Ms Kamuri had been Uchumi’s supplier for 15 years and was one of the creditors who would come to cast their vote.
In a fiery prayer, Ms Kamuri sought God’s wrath on those who mishandled funds or were responsible for the fall of the retail giant.
Prayers are all the estimated 3,000 suppliers owed almost Sh5 billion by Uchumi can rely on.
Majority of them are individuals and old whose lives have been ruined by the fall of the retail chain. Some had taken bank loans and were auctioned due to defaults. They are the unsecured creditors and had Uchumi been wound up, they would have walked home with empty pockets.

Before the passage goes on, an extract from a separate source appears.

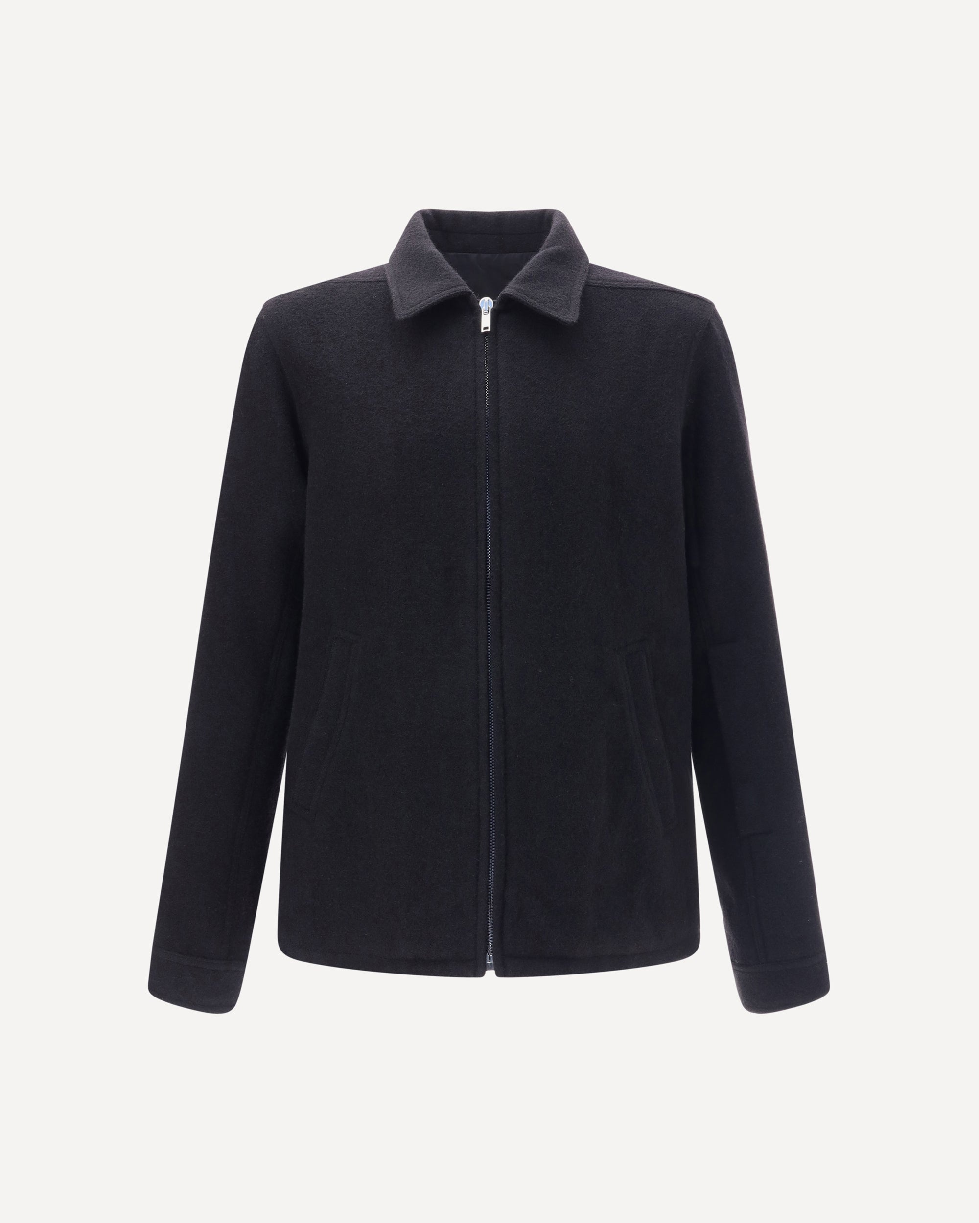 The Rick Owens Brad Jacket is a bold, modern design piece. It features a pointed collar, zip fastening and front welt pockets, complemented by buttoned cuffs and silver-tone trim that enhances its sophisticated, industrial aesthetic. DETAILS - Sku: RU02E1764WBD_09 - Season: AW25 - Fit: Regular - Composition: GENERAL 100% Fleece Wool - MADE IN ITALY
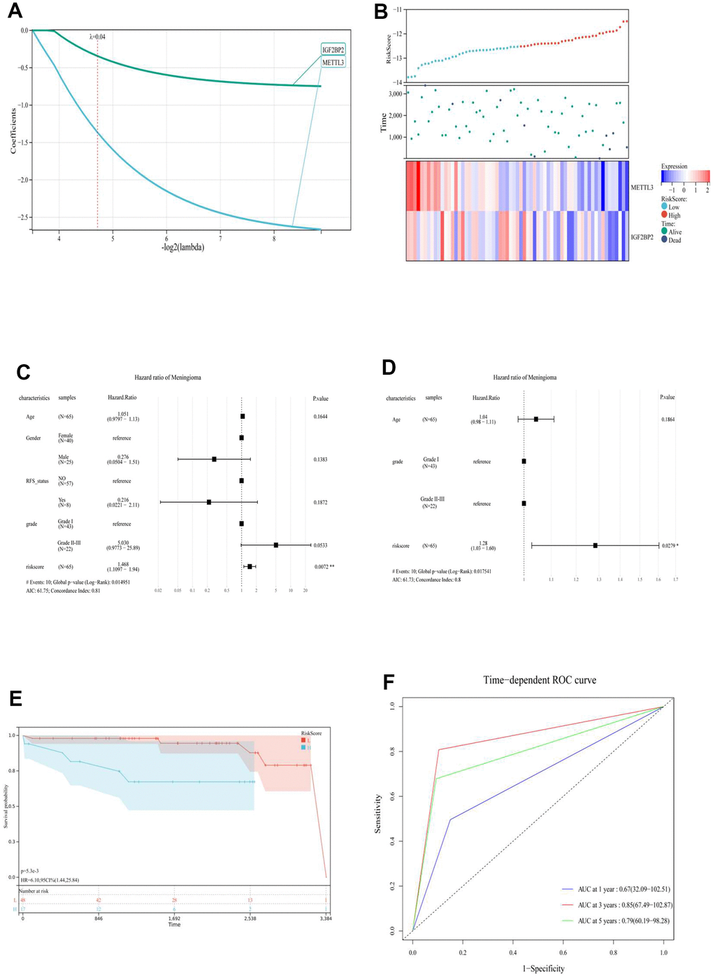Second, a risk-scoring system based on the level of gene expression and risk coefficient was constructed to comprehensively explore the relationship between the expression level of the m6A regulator and prognosis of meningioma. To avoid overfitting the model construction, LASSO regression was used, and a risk model for the two prognostic genes was constructed based on partial likelihood deviation, lambda value (lambda = 0.04) (Figure 2A, 2B), and RiskScore = (–0.34 * IGF2BP2) + (–1.36 * METTL3). Moreover, the “cutoff” package was used to identify the best cutoff value to group the prognostic models (high-risk and low-risk groups). Overall, univariate (C-index: 0.81) and multivariate Cox (C-index: 0.8) regression analyses further confirmed that the RiskScore was an independent prognostic factor for the prognosis of meningioma (Figure 2C, 2D). The high-risk group had a shorter survival time than the low-risk group (p < 5.3e-3) (Figure 3E). The receiver operating characteristic (ROC) curve was used to evaluate the prognostic model and prediction accuracy of the two m6A genes (Figure 2F). The prognostic RiskScore models showed 1-, 3-, and 5-year area under the ROC curve (AUC; 0.67, 0.85, and 0.79, respectively). RiskScore proved to be an independent prognostic factor of meningiomas with good sensitivity and specificity.

Under the Company Voluntary Agreement (CVA) that seeks to restructure Uchumi debts and lay out a path to improving the retailer’s liquidity, the unsecured creditors will take a 30 per cent haircut.
In its new operational model, Uchumi is paying suppliers weekly.
“We don’t want to over-commit because we are coming from a background of not fulfilling promises,” said Uchumi Chief Executive Mohamed Mohamed.
He observed that suppliers, especially the small ones, were the reason he got out of bed in the morning, having seen them cry in AGMs.
“Those tears have touched my heart, so I just asked them to pray for me to be able to live up to their expectations,” he said.
The suppliers will be paid Sh1.4 billion over six years on an annual basis, Sh1.4 billion discount and the rest Sh1.9 billion will be turned into noncumulative convertible preferred shares.
Strangely, the bigger suppliers didn’t care about the future of Uchumi and were comfortable with whatever decision. Uchumi Chairman John Karani spoke about how the job was taking a toll on the retail giant’s management. At some point, together with Uchumi Mr Mohamed, they had almost quit.
He says that taking up the job had been an agonising decision.
“I was very reluctant to take up this role as chairman of Uchumi. I have had a career of over 30 years in the blue-chip companies. I asked myself; should I really risk that with a brand that has been wounded … but I decided to take up that challenge,” he told creditors last week.
He said as management, they had made lots of sacrifices and sympathised with the employees. “I’m tired. We are all tired, but it would be irresponsible of us to quit,” he said.
Mr Karani said with the CVA, the brand would have “one more chance”. “When I see it (Uchumi) back, I will finally say that I’ve fought the good fight,” said Karani.
At one point, Uchumi which was established in 1975 held the aspirations of millions of Kenyans.
It was the first local and non-family run retailer to be listed in the region in 1992 and had expanded to Uganda and Tanzania.
Poor internal controls, inappropriate business model and management information system were some of the factors blamed for its collapse.
To return to a profit-making path, Uchumi hopes it can sell a Sh2.8 billion piece of land in Kasarani and a looming deal with a strategic investor will help it recapitalise.
However, the supermarket is currently locked in a battle over the land with the army and the matter is at the Attorney General’s office.